AIエージェント経済では暗号資産インフラが中核を担うとの見方がある。写真=Reve AI

AIエージェントによる暗号資産決済が、過去1年で7300万ドル(約109億円)規模に達した。関連市場は構想段階を脱し、実際に機能するエコシステムへ移行しつつあるとの分析が示された。一方で、決済の大半が特定のステーブルコインに集中しており、インフラ面の偏りも課題として浮上している。

Cointelegraphが25日(現地時間)に伝えたところによると、暗号資産投資会社Keyrockは、2025年5月から2026年4月までの1年間に、AIエージェントが1億7600万件の取引を処理し、決済額が7300万ドルに達したと明らかにした。

KeyrockはCoinbase、Blockchain Tempoと共同でまとめた報告書で、この12カ月間にマシン間決済が「概念」から「実際に稼働するエコシステム」へ発展したと分析した。Keyrockのリサーチャー、ベン・ハービー氏は、AIエージェントによる決済額が7300万ドルを超えたほか、既存プレーヤーが新たな決済インフラでの主導権確保を狙い、総額80億ドル超(約1兆2000億円)の買収を進めたと説明した。

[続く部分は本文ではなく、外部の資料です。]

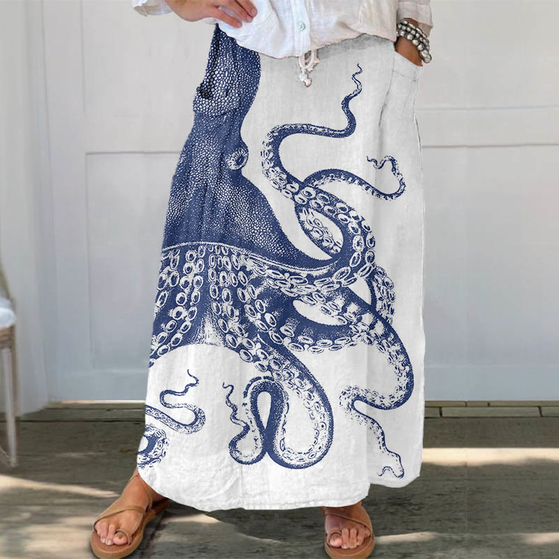 Dashingsoul Oil Painting Octopus Art Print Casual Pocket Skirt

この流れの中で、ステーブルコインはAIエージェントの基盤となる決済レイヤーとして定着した。2026年1〜3月期末時点で、15を超えるディレクトリやレジストリに登録されたAIエージェント数が10万4000超に達し、1件当たりの平均取引額は31セントだった。

こうした少額決済の拡大は、従来の決済ネットワークの限界も浮き彫りにした。1件ごとに約30セントの固定手数料が発生する仕組みでは、1ドル未満の決済は成り立ちにくいためだ。ハービー氏は、天気情報APIの呼び出しに3セントを支払うようなAIエージェントは、Visaのネットワークを利用できないと指摘した。

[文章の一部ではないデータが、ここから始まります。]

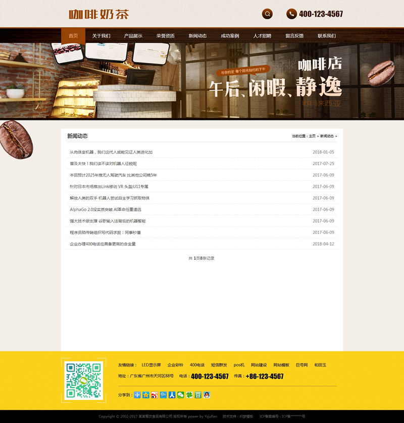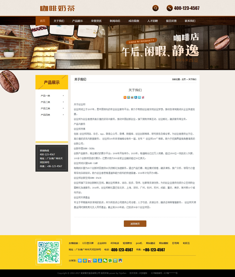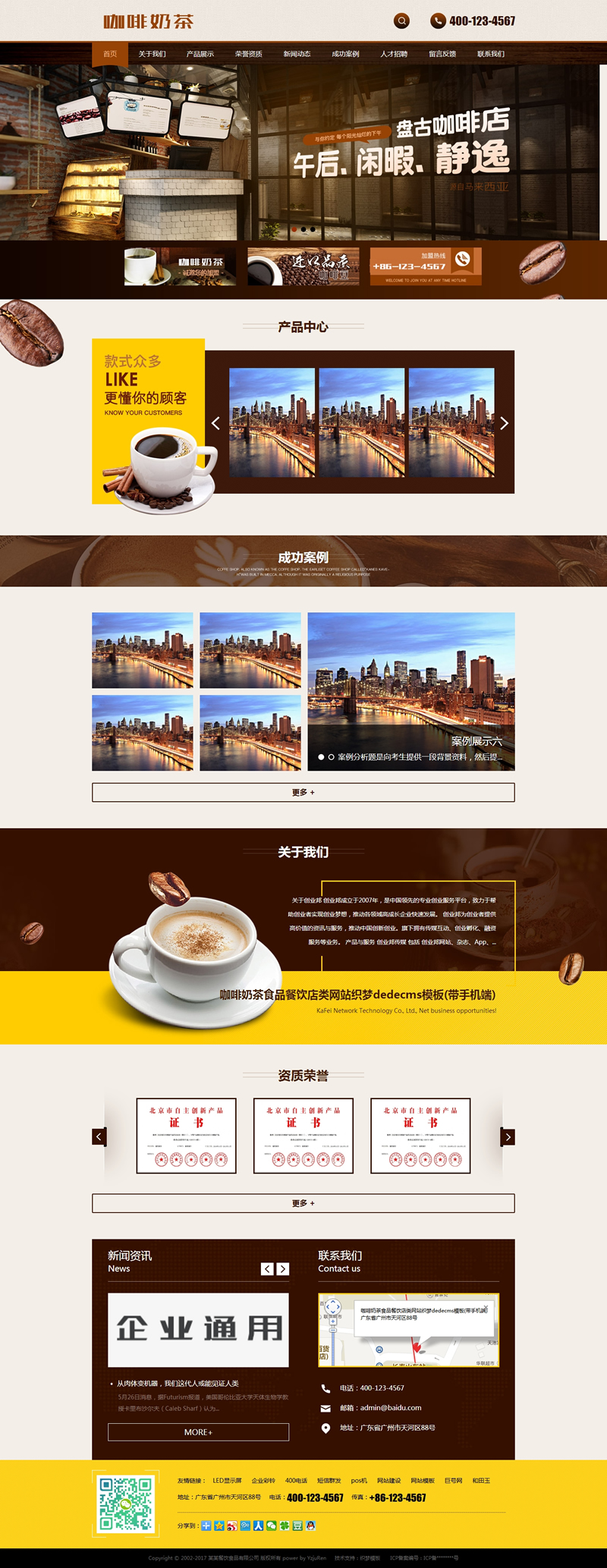 模板編號:     B1366 咖啡奶茶食品餐飲店類網站織夢dedecms模板(帶手機

AIエージェントの活用は、Web3アプリケーションの構築やトークン発行、サービスやプロトコル同士の自律的な相互作用にも広がっている。一部プラットフォームでは、取引分野でのAI活用も試されているという。2025年4月にCoinGeckoが暗号資産ユーザー2632人を対象に実施した調査では、87%が「自身の暗号資産ポートフォリオの少なくとも10%をAIエージェントに管理させてもよい」と答えた。

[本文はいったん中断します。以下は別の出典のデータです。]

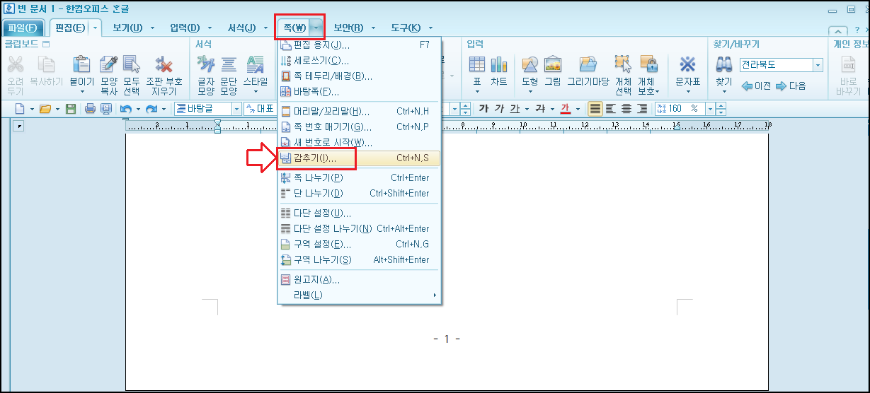 첫 페이지를 클릭 후 상단의 [쪽] -> [감추기] 메뉴를 클릭해주세요.

一方で、決済インフラが特定のステーブルコインに集中している点はリスク要因とみられている。AIエージェントの決済の98%超はCircleのUSDCで処理されている。ハービー氏は、エコシステム全体が1社に依存しているとした上で、Circleが規制上の問題やディペッグ、長期停止に直面した場合、AIエージェント経済には有効な代替手段が乏しいと警鐘を鳴らした。